Do you know of any audio / video / electronics stores in the Angeles / San Fernando / Subic area that sell a selection of brand name home theatre audio systems?

Here is Subic I have been to several places including Abensen and Western Appliance, and they both have some Pioneer HT receivers, but nothing else. They are ok but I was hoping to find some other options to look at.

At Alabang Festival mall down south of Manila there was a high end shop, but I am not wanting to spend a fortune. I would just like to find a nice solid name brand unit for a reasonable price. Reasonable probably means double what it would cost in the U.S.!

Any tips are appreciated!


----------



## Phil_expat (Jan 3, 2011)

Enigma is one of the better stores
Enigma Technologies Home Page


----------



## Phil_expat (Jan 3, 2011)

Since the tariff is high on electronic items coming in the Philippines I usually buy them during my visits to the USA. I take them out the box and pack them like it was used.
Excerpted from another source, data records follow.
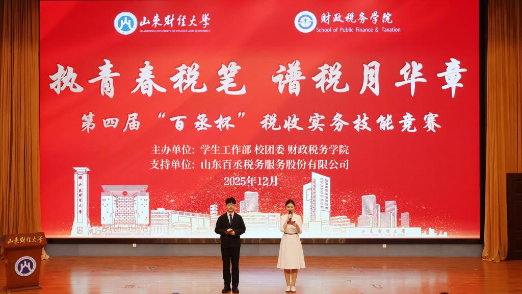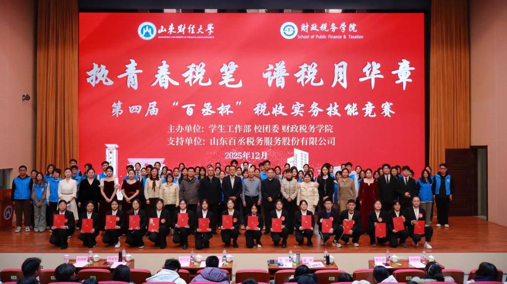 12月11日,由学生工作部、校团委、财政税务学院与山东百丞税务服务股份有限公司联合举办的第四届“百丞杯”税收实务技能竞赛在章丘校区图书馆报告厅举行。山东百丞税务服务股份有限公司总经理董华、副总经理景波,学校相关师生代表共400余人出席本次活动。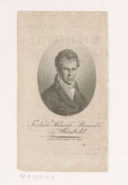 Curator: This is a print titled "Portret van schrijver en kunstenaar Alessandro da Morrona," made before 1812. The work is currently held in the collection of the Rijksmuseum. Editor: It's austere. The gray tones and the precise linework give it a severe, almost clinical quality, yet the detail is impressive. Curator: Let's look at it closer. Note how the figure is presented in a medallion format, a stylistic choice harking back to classical portraiture. We see Da Morrona set above a collection of symbolic implements. Editor: Absolutely. And there's a strong compositional balance created by the horizontal lines of the writing desk and the circular portrait above. It's a deliberate arrangement designed to frame the subject and highlight his creative attributes. Is this line style associated with any specific artistic practice? Curator: Indeed, this engraving embodies the principles of academic art with its devotion to realism and clean, precise lines. The aged paper enhances that historical feeling, adding a layer of visual texture and hinting at the passage of time. Editor: I’m wondering about its social role at the time. Portraits such as this one offered a specific declaration of one's social position and cultivated a carefully structured public identity, but there are some less-than-flattering details shown that provide this artwork an uncanny look. Curator: Portraits such as this circulated as symbols within intellectual networks, strengthening alliances and demonstrating prestige. Perhaps, the print aimed to solidify Da Morrona's legacy as both a man of letters and a practitioner of the arts. Editor: Despite its somewhat static quality, there’s something rather striking in how Aliprandi captured this creator in an environment that emphasizes literacy, intellect, and self-cultivation, all hallmarks of enlightenment values and its public intellectuals. Curator: That is a great point. Through visual semiotics, we decode the social status conveyed by a well-known writer. Editor: Thinking about the life of images, from the studio, to networks, to a public collection and into a modern audience's digital purview makes you appreciate its significance. Curator: Indeed, a fascinating glimpse into the public intellectual world, viewed now through different lenses.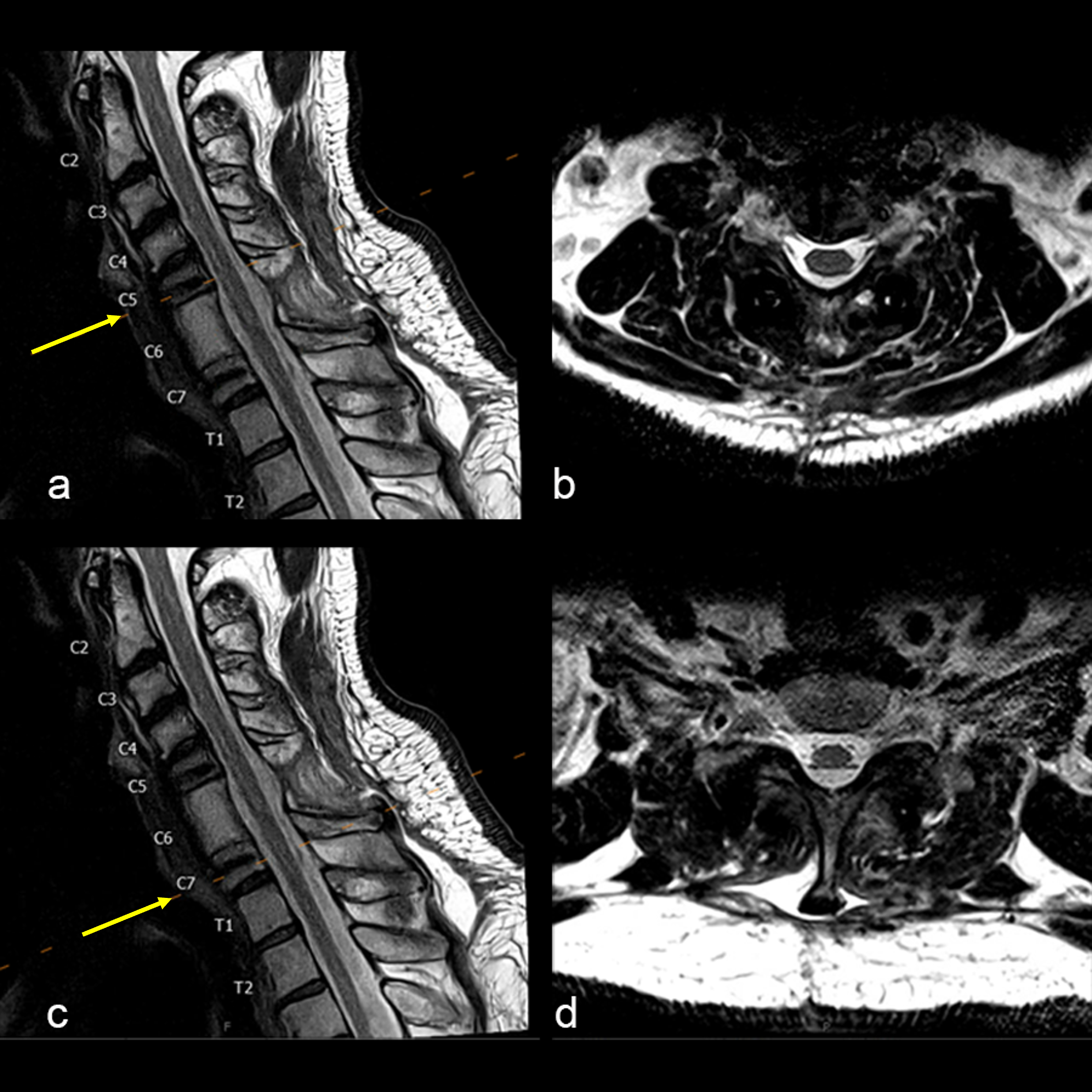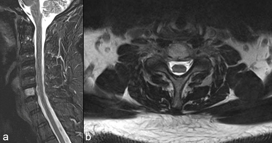A 47-year-old male presented with neck pain. Upon examination, he was neurologically intact. He underwent an MRI of the cervical spine that demonstrated a non-enhancing T1-hypointense and T2-hyperintense lesion (Fig 1).

Did this at least 12 times and customs never check my luggage. Philippine homes are wired the same as USA two 110v and one common. They get 220v by using the two 110V same as 220v appliances in the USA. I simply replace one of the 110V with the common at the AC outlet for my 110V items.


----------



## DonAndAbby (Jan 7, 2013)

Phil_expat said:


> Enigma is one of the better stores
> Enigma Technologies Home Page


Thanks for the tip! I will take a look.

I had a really nice older Denon last year in the US, but I sold it when I left because it was not HDMI capable.

I see that Enigma carries TCL TVs. Anybody tried them yet? I have been looking at those too. Very good reviews on Amazon.com US.


----------



## Glen48 (Jul 6, 2012)

You looking for Audio or over head projector surround sound?


----------



## DonAndAbby (Jan 7, 2013)

Glen48 said:


> You looking for Audio or over head projector surround sound?


Home Theater Surround Receiver and also LED TV, but I can find the TV here in Subic. The only HT receiver here is Pioneer.

Thanks!


----------



## Glen48 (Jul 6, 2012)

Ok should be a good brand.


----------



## DonAndAbby (Jan 7, 2013)

Just in case anyone is interested, we went to SM City Pampanga in San Fernando yesterday, and they have a HUGE SM Appliance store there. They had some home theater equipment by Yamaha that was nice, and a few other brands including Pioneer.


----------



## Asian Spirit (Mar 1, 2010)

DonAndAbby said:


> Just in case anyone is interested, we went to SM City Pampanga in San Fernando yesterday, and they have a HUGE SM Appliance store there. They had some home theater equipment by Yamaha that was nice, and a few other brands including Pioneer.


*Cool--I think they are having a system wide sale on stuff like that. Even at SM Clark this weekend there is supposed to be a sale...*


----------